本美術館はホルヘ・B・ヴァルガスという政治家の名前を冠しているが、第二次世界大戦時にオーストラリアに亡命した大統領に代わり、実質的な政治判断を行ったのがヴァルガスであった。国を守るため尽力したが、日本側に加担したというGHQの判断によって、終戦後には巣鴨拘置所に収監されてしまう。国民から裏切り者というレッテルを貼られた彼は、直接的な政治活動からは退き、芸術やスポーツの振興・発展にその活動の中心を移していく。そういった背景を持つヴァルガスの私的なコレクションや収集物から出発した美術館で、日本人である冬木が個展を開くということは、一見矛盾しているようにも思えるが、そのねじれた関係性を対象化することこそが本展における冬木の狙いだと言えるだろう。

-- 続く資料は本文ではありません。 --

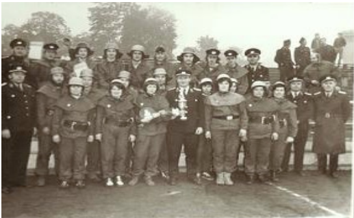
Kameradinnen der FFW nach einem Pokalsieg
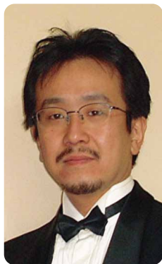
合奏指導・指揮 水口 透 (作・編曲家、指揮者)
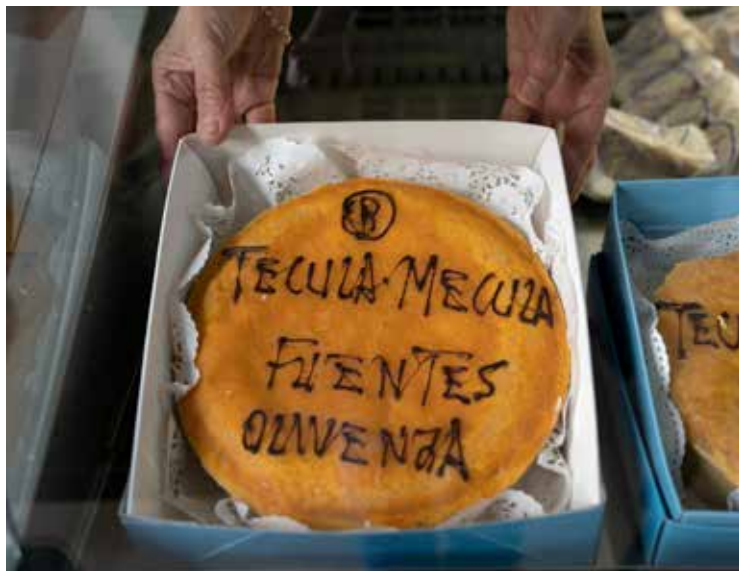
1. Técula Mécula
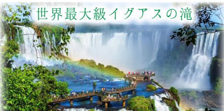
ブラジル側の展望台から望む、イグアスの滝の圧巻の全景

ブラジルが誇る四大絶景を一度に味わう 15 日間。轟音と水煙に包まれるイグアスの滝、野生動物が息づく世界最大級の湿原パンタナールではボートサファリでジャガーを探します。さらにアマゾン川クルーズで大河の生命力に触れ、旅の後半は白砂漠レンソイスへ。ブラジルの大自然を南から北まで巡り、多彩な景観と生命の躍動を体感する旅です。
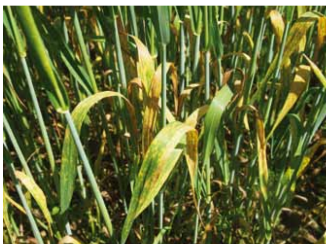
Gelbrost lässt sich im Biolandbau nur über die Wahl resistenter Sorten vorbeugend vermeiden.

Auch die Wahl der richtigen Sorte ist im Biolandbau ein Grundpfeiler des pflanzenbaulichen Erfolgs. Über die Nutzung der vorhandenen Krankheitsresistenzen lassen sich viele Pflanzenschutzprobleme vorbeugend lösen.
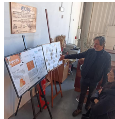
Projeto ECOS - Oficina Ecológica de Cooperação Social (Santa Casa da Misericórdia de Albufeira)
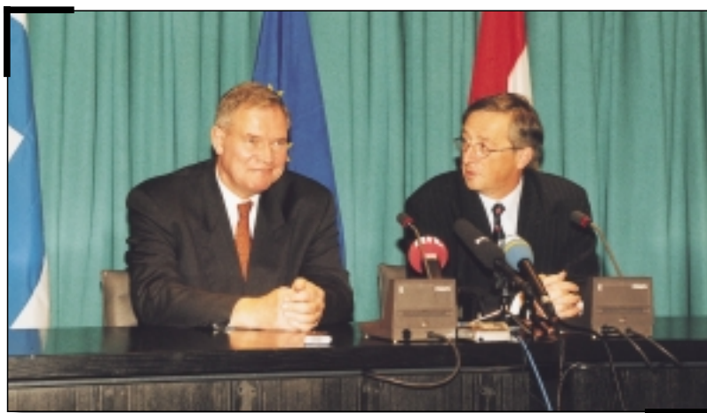
MM. Paavo Lipponen et Jean-Claude Juncker présentent les résultats de leur entrevue à la presse

Les deux chefs de gouvernement ont abordé les différents sujets qui seront à l'ordre du jour du Conseil de Tampere: l'harmonisation du droit d'asile, la problématique des réfugiés, la création d'un espace juridique européen, la coopération judiciaire, la lutte contre la criminalité organisée et le blanchiment d'argent ainsi que l'élargissement de l'Union européenne.
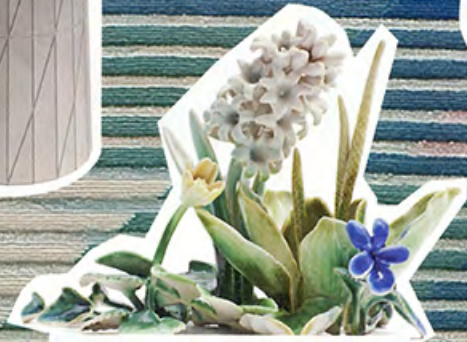
Keramikblumen Flower Arrangement von Marianne Nielsen für Mindcraft
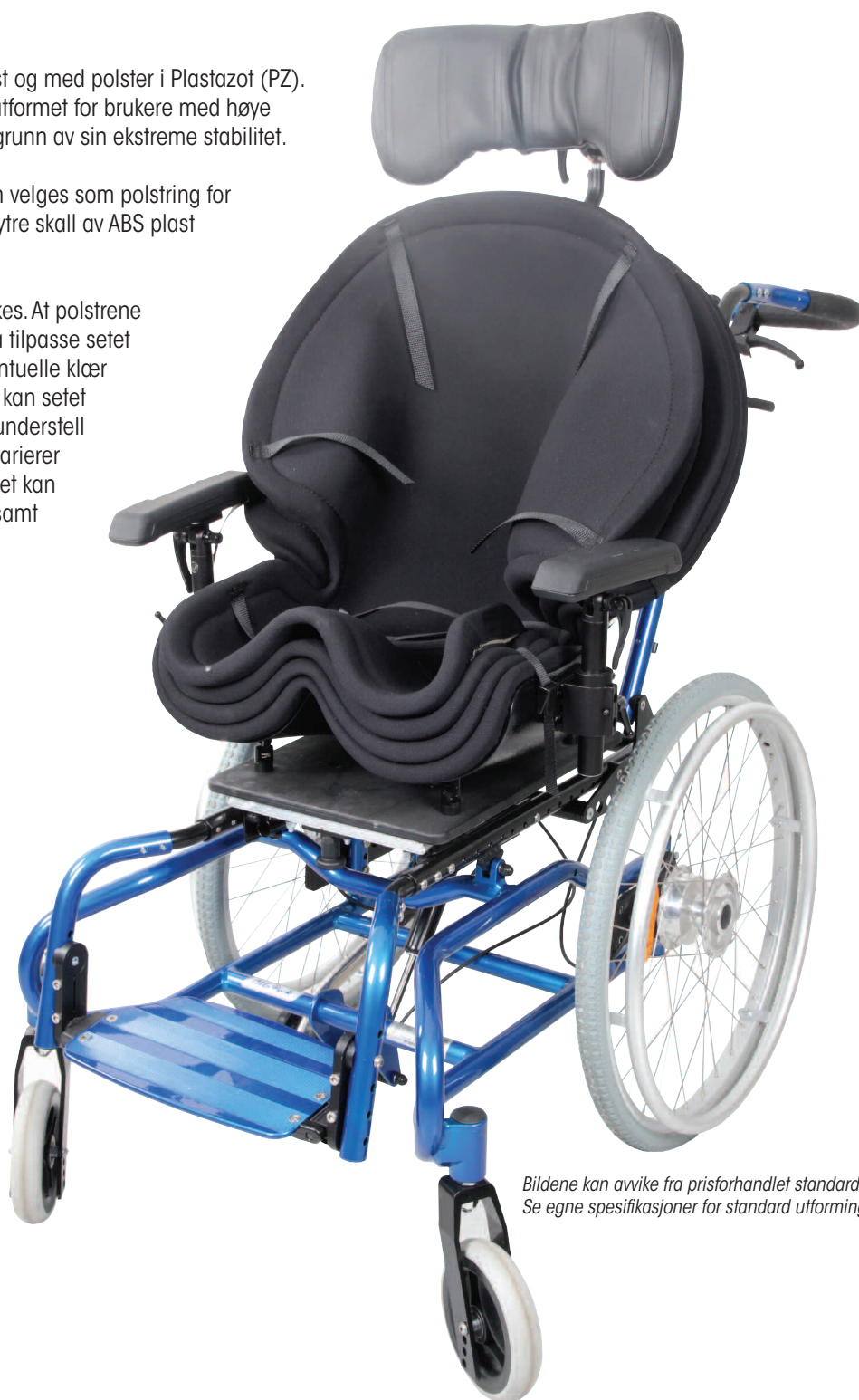
Bildene kan avvike fra prisforhandlet standard. Se egne spesifikasjoner for standard utforming
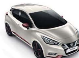
BARVA KAROSERIE: STŘÍBRNÁ WARM - KKV SADA EXTERIÉR PLUS: VÍNOVÁ BURGUNDY INTERIÉR: ŠEDÁ STANDARD
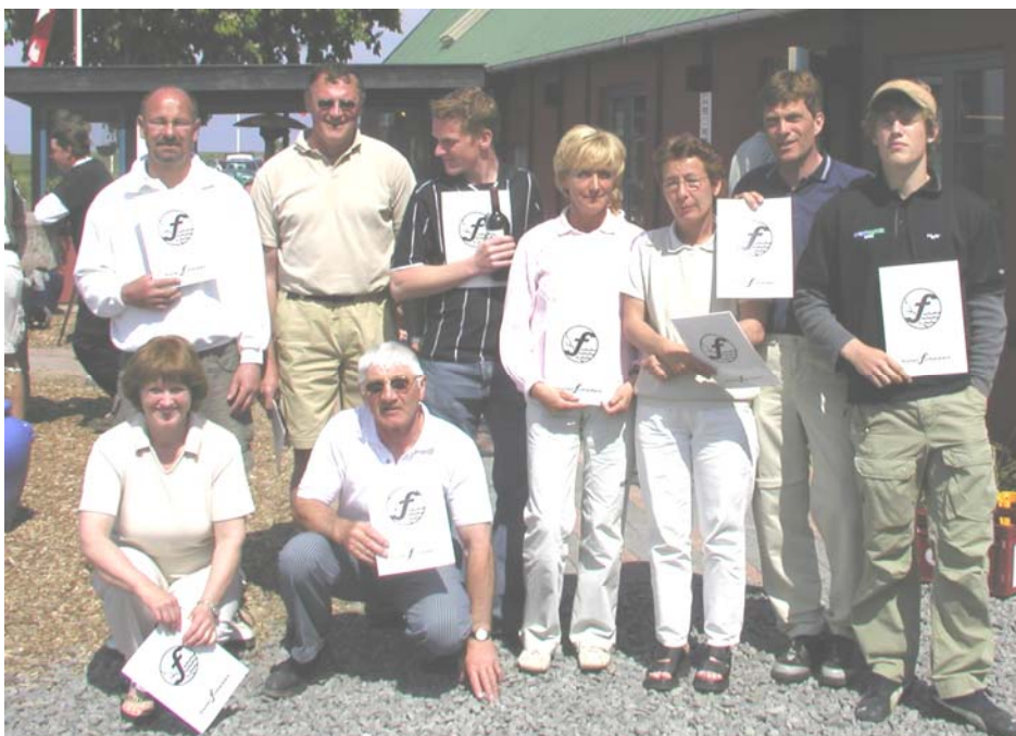
Vinderne i Hotel Friheden - pinsematchen.
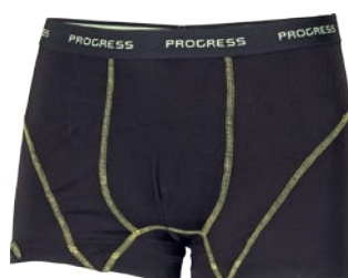
Bamboo Collection E SKN ČERNÁ / SV. ZELENÉ PROŠ. P M-XXL
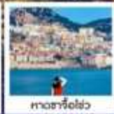
หาดซาโจอ่าว
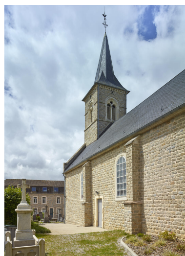
Vue de l'élévation est. IVR32_20246200166NUCA
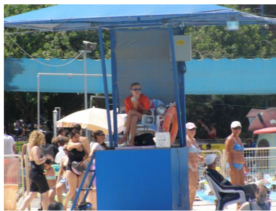
מצילה בעמדת הצלה בפארק המים נחשנית

בהעדר הסכם קיבוצי מיוחד למצילי בריכות, שעות עבודתם נקבעת עפ"י חוקי העבודה (חוק שעות עבודה ומנוחה, התשי"א-1951), לפיהם אין הגבלה בשעות העבודה להוציא הוראה שבכל 6 שעות עבודה מחויבת הפסקה של חצי שעה לפחות. כלל זה אינו מוריד מחובת הזהירות של מחזיקי הבריכה לשיקול דעת לשעות עבודה סבירות של מציל האחראי על חיי אדם. בהקשר לכך ראוי לציין כי לאור זאת שתקנות הסדרת מקומות רחצה (בטיחות בבריכות שחייה), התשס"ד – 2004 קובעות, בין השאר, כי אסור למציל לעזוב את עמדת ההצלה עד שיחליפו מציל אחר, רצוי מאד שמחזיקי הבריכה יתארגנו לכך שבבריכה יהיו מצילים כשירים שיוכלו להחליף את המציל הפעיל לעשיית צרכיו או כל צורך אחר, מבלי שזה יצטרך לנטוש את משמרתו ולעבור על החוק, עם כל המשתמע מכך.
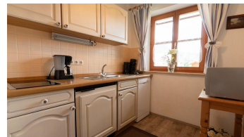
Fewo Nr. 1, Küche
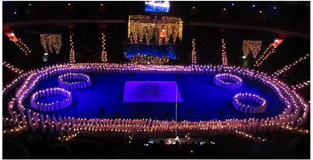
1400 Singers from Adolf Fredriks Music Classes and the Stockholms Musikgymnasium during a Lucia concert celebrated together with the World Choral Day

第12回世界合唱シンポジウム(WSCM2020) キア・オラ・コウトウ(みなさん、こんにちは) ニュージーランド・アオテアロアからご挨拶
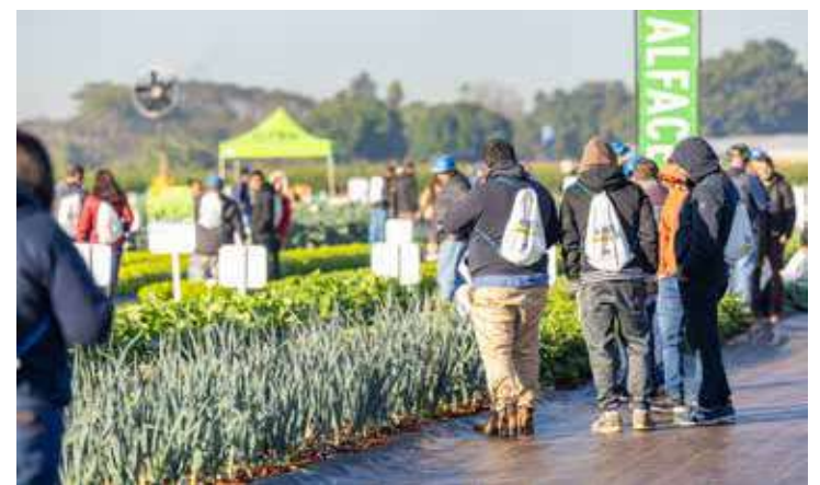
Feira é considerada a principal de horticultura da América Latina

A programação da feira inclui exposição de produtos, demonstrações de tecnologias, lançamentos do setor e oportunidades de networking entre profissionais da cadeia produtiva da horticultura.

同時にその目線は、国やある地域を表象している作品や物を蒐集することによって、その歴史を保存し積み重ねていくという、美術館の本義的な機能にも向けられている。ヴァルガスはそのようなシステムを理解し、国家として人々が共有可能な歴史を作り上げていこうとしたのではないか、と冬木は話す。〈収集する〉という行為や美術館の機能を、今日的な目線によって再考することが本展における冬木の意図であり、社会における連帯についてを考える上で、フィリピンと日本双方の社会にとって重要なものになるだろう。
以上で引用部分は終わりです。